After a few weeks, that super intense period of inner knowing faded. My logical mind started to come screaming back in - I had just destroyed my life. I had destroyed everything I had worked for, I had shattered my parents' hopes and dreams for me. To put it bluntly, I felt I was completely fucked.
After that brief blast of inner knowing, my logical mind tried to reassert control. But I was so emotionally devastated at this point, I felt like what I had done could never be undone. I felt like I had been running a race, doing well, and then took a wrong turn and got lost. By the time I found the path again, all the other runners had passed me by, and I could never, ever catch up again.

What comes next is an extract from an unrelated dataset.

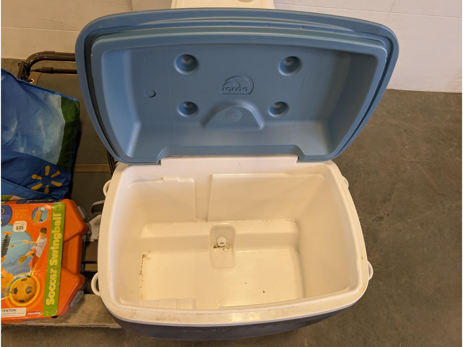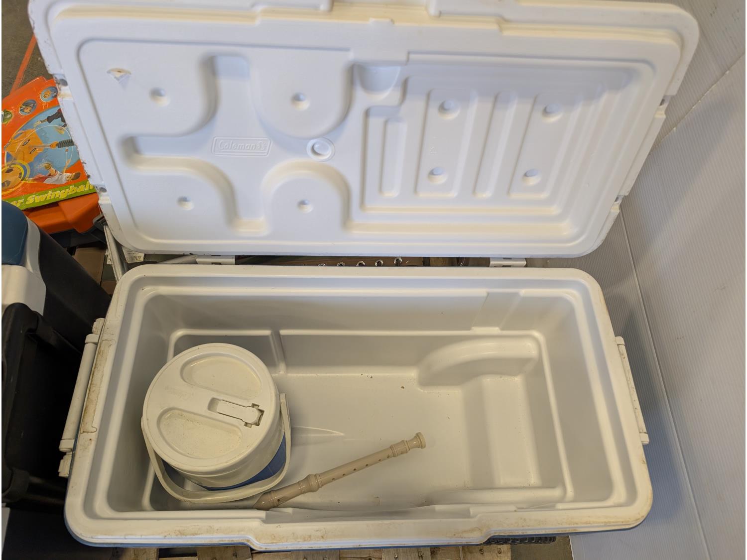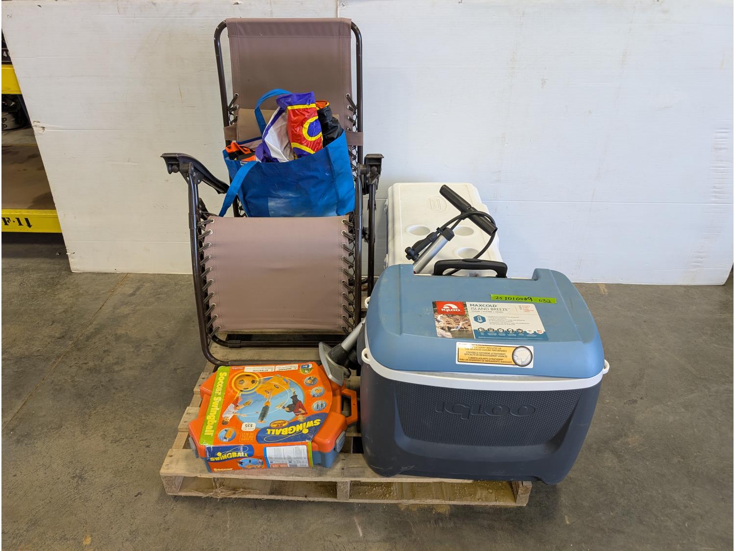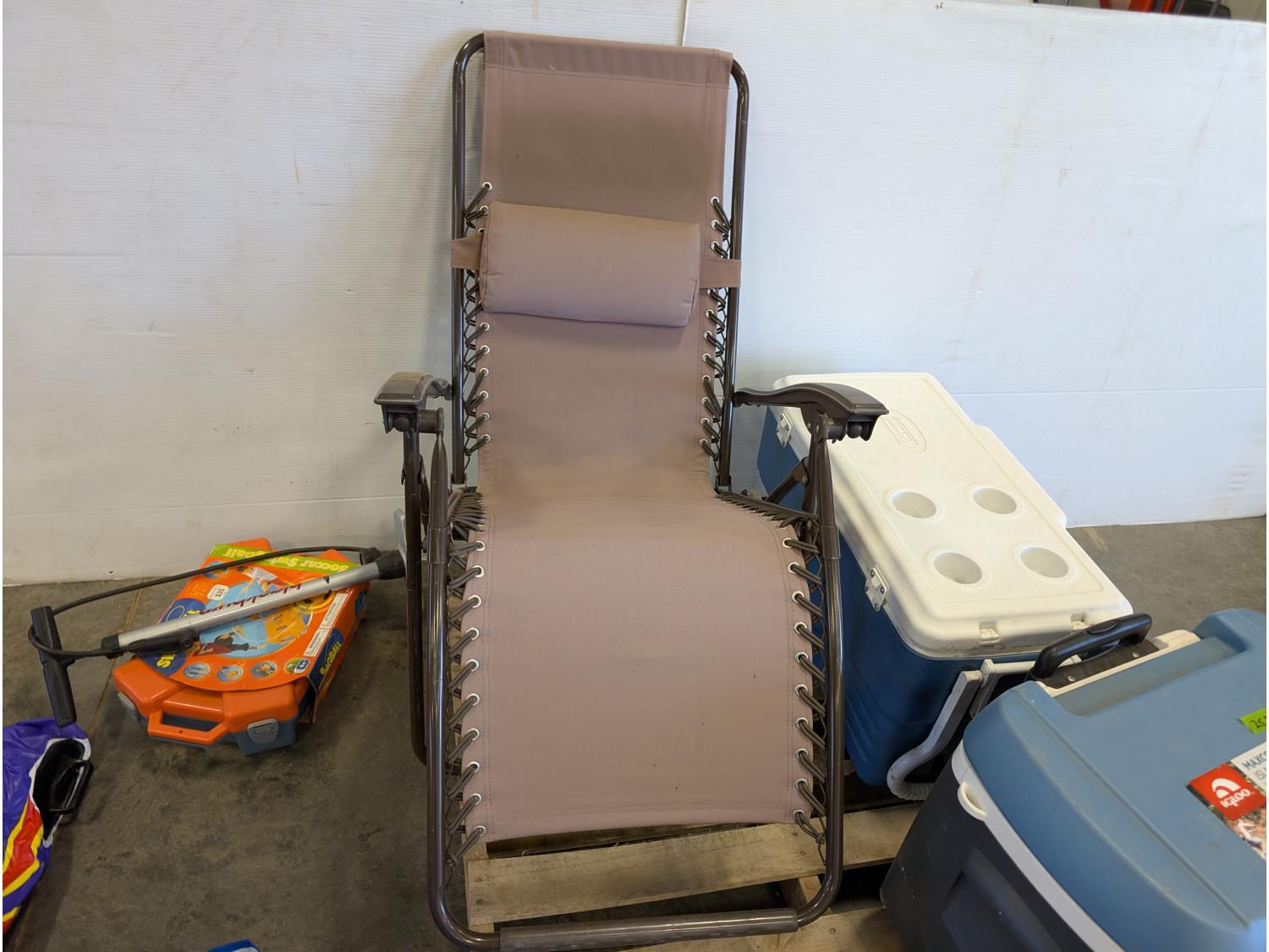 (2) coolers, soccer swingball game, pool float, inflatable boat, folding lounge chair

Still, I tried to somehow make it right. After taking two years off, I went back to college. As hard as I tried, I wasn't the same workhorse I had been before dropping out, able to just lock in and focus and study with ease. Now everything was like crawling up a mountain with a wind at my face, ready to blow me away. I couldn't understand why. But I felt like a massive failure and believed there was something profoundly wrong with me.
Through sheer grit, I eventually finished college, then blew in the wind for a while, lost and unsure what to do. I finally decided to get my real estate license and worked in that field for a time - but then something inside led me back to EFT/Tapping, an energy-based technique I had learned about many years ago.
I started seeing clients, my practice grew, and I began to feel like I had landed in the right place. Finally, after years of agonizing suffering, I felt like I was aligned with my purpose, working successfully in a fulfilling career. About 6 months into my EFT journey, I met my mentor Karin and started training with her every week - she taught me intuition, which I incorporated into my sessions and my own life. As I improved my intuitive abilities, I started tuning in all the time to Source, my spirit guides, angels, and ascended masters, always asking questions and trying to learn about the nature of life.
Fast forward many years later, I'm doing much better and everything has worked out for the best. I look back with compassion for my younger self and realize that during that god awful-stretch my intuition was continuously leading me in the right direction. The stress and pain I experienced was my mind and ego fighting this intuitive guidance.
It took a massive intuitive push to get me off of my planned path of being a medical doctor. I am so grateful for the inner knowing that sprouted within, seemingly out of nowhere, and showed me the way. Now I deeply understand that this gift of inner knowing is like an internal compass that will always guide us true. It's up to us to listen to it.